======== INFORMATION PROVIDED ========

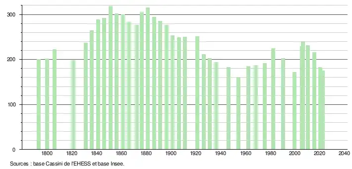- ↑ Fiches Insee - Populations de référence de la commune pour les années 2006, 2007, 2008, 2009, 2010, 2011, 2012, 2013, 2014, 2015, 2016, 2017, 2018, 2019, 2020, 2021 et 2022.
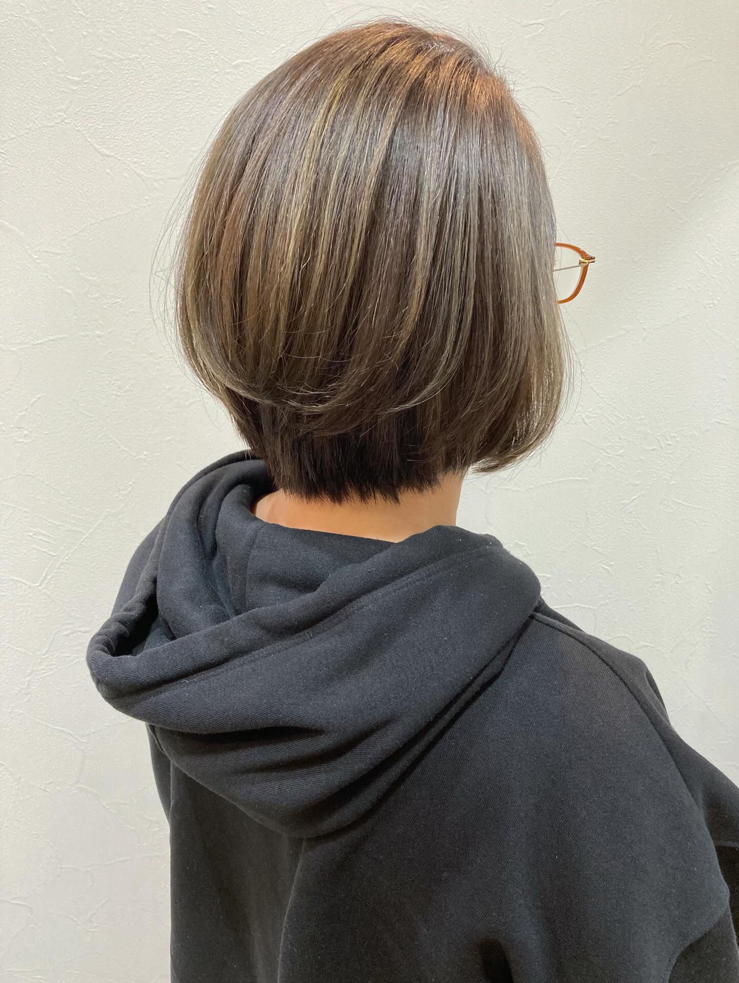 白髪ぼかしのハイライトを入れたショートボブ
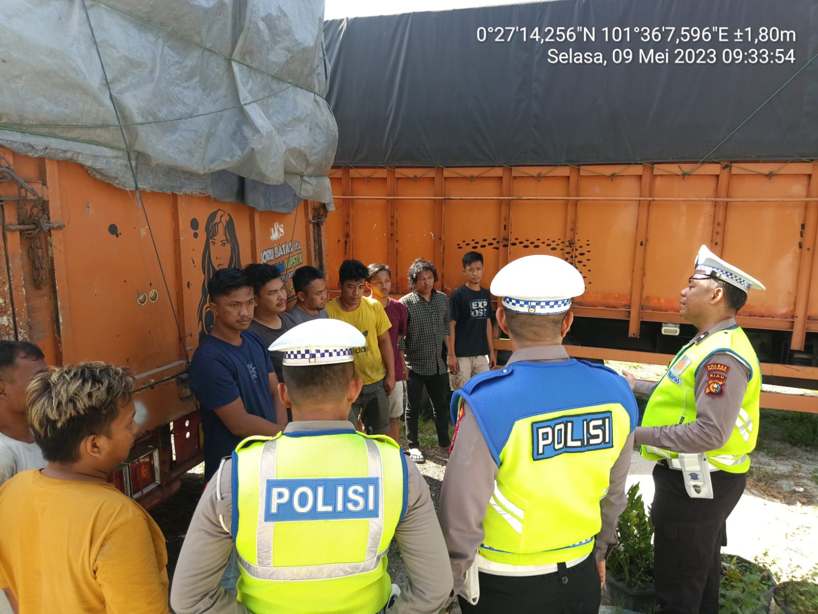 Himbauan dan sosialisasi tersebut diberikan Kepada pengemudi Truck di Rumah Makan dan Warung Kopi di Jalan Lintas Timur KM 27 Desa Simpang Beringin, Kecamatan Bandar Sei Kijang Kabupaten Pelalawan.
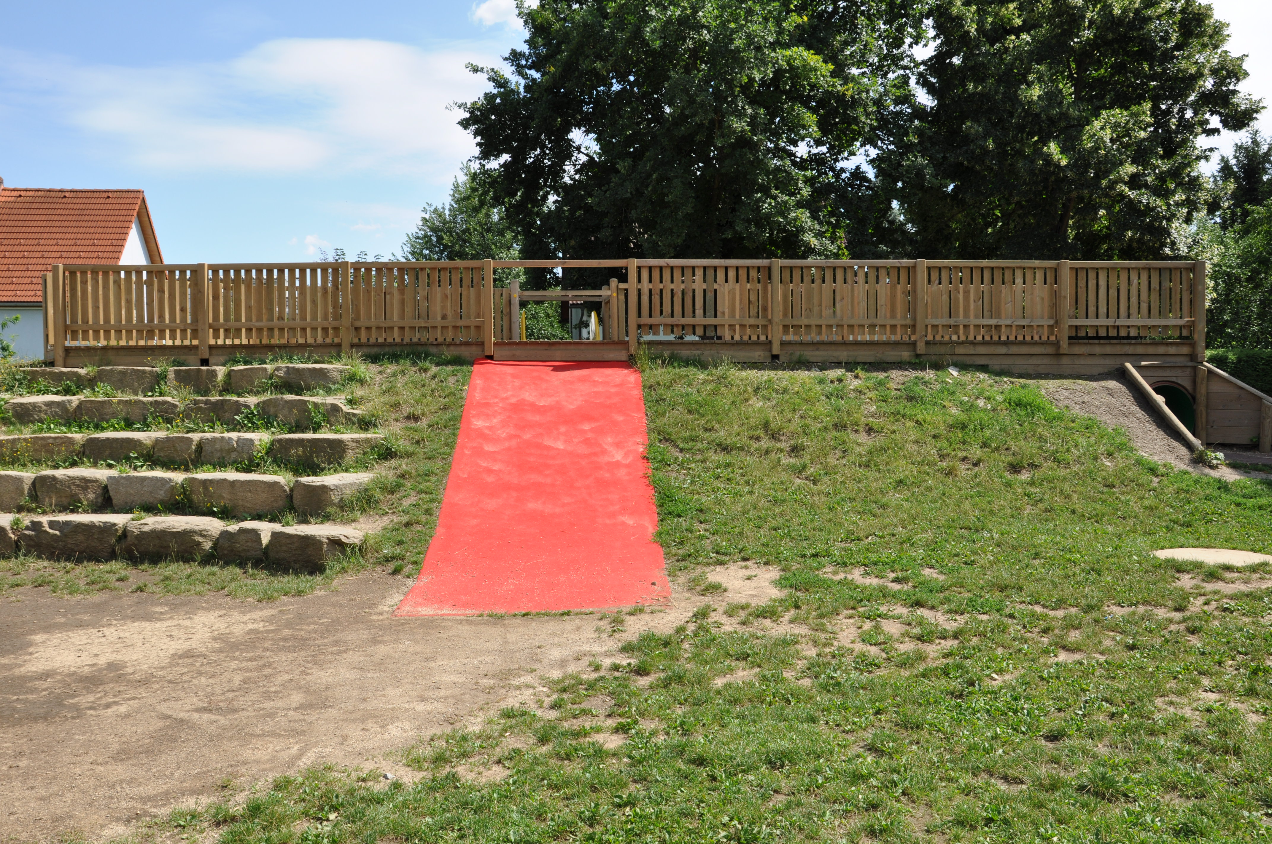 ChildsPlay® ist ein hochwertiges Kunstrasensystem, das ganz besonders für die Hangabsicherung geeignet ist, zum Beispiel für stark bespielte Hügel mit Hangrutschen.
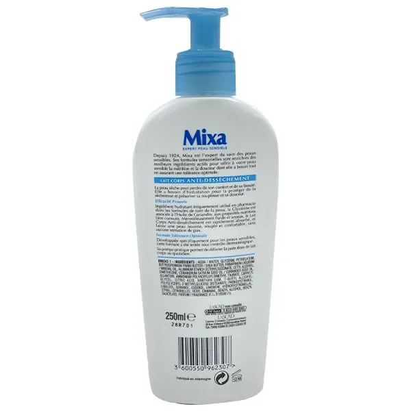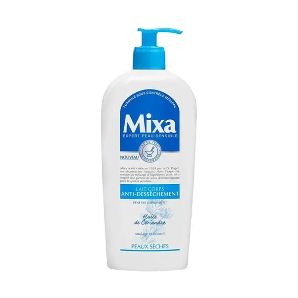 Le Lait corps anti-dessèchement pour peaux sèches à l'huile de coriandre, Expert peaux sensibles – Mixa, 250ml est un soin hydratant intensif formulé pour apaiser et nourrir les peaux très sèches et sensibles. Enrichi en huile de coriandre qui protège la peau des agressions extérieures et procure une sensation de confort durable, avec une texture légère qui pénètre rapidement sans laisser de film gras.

========
======== INFORMATION PROVIDED ========

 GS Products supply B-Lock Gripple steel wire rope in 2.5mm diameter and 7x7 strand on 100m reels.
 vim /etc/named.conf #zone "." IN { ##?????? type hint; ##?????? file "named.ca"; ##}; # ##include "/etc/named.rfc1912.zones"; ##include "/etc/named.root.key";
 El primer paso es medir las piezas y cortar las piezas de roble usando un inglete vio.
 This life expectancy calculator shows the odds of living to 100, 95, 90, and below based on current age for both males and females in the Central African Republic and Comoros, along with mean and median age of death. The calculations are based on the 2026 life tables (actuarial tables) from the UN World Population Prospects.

========

WORK TASK:
Please output, exactly as written, the lines above from the one holding "- ↑ Fiches Insee" through the one holding "Himbauan dan sosialisasi", both included, with the pictures omitted.

ANSWER TO THE EXERCISE:
- ↑ Fiches Insee - Populations de référence de la commune pour les années 2006, 2007, 2008, 2009, 2010, 2011, 2012, 2013, 2014, 2015, 2016, 2017, 2018, 2019, 2020, 2021 et 2022.
 白髪ぼかしのハイライトを入れたショートボブ
 Himbauan dan sosialisasi tersebut diberikan Kepada pengemudi Truck di Rumah Makan dan Warung Kopi di Jalan Lintas Timur KM 27 Desa Simpang Beringin, Kecamatan Bandar Sei Kijang Kabupaten Pelalawan.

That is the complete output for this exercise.